Is there a time limit?

Yes. Each question has a 10-second timer. It keeps things exciting and tests genuine knowledge rather than the ability to look things up mid-question.

What topics does the food and drink trivia quiz cover?

The quiz covers a wide range of food-related topics — world cuisines, ingredients and their origins, cooking methods and techniques, food history, famous dishes, beverages including wine, beer, spirits, and coffee, and culinary terminology. Questions range from everyday food knowledge to genuinely obscure facts that will surprise even dedicated foodies.

What is a good score on this quiz?

The average score is around 11 out of 20. Scoring 15 or above puts you firmly in the top 20% and earns you genuine foodie credentials. A perfect 20 out of 20 requires both broad and deep food knowledge — fewer than 2% of players achieve it.

Can I retake the quiz?

Yes, unlimited retakes. Because questions are drawn randomly from a large bank each time, every attempt covers a different selection of topics. Regular retakes are a great way to discover the gaps in your food knowledge and track how your culinary IQ improves over time.

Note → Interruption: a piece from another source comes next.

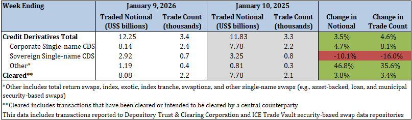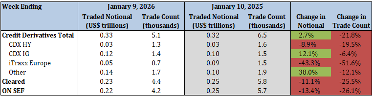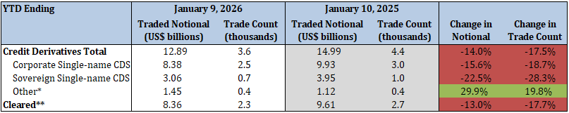 - Total security-based credit derivatives traded notional and trade count decreased by 14.0% and 17.5%, respectively

Is this quiz suitable for quiz night preparation?

Excellent for it. Food and drink rounds are a staple of pub quizzes and quiz nights everywhere. The random format means you cannot predict what topics will come up — which is exactly how a real quiz night works. Regular play builds the breadth of knowledge that wins rounds.

Can this quiz be used in schools or cooking classes?

Absolutely. The food and drink trivia quiz works well as an engaging classroom activity for food technology, home economics, geography, or history lessons. It can also be used as a fun warm-up in professional cooking classes. Simply share the link — no special setup required.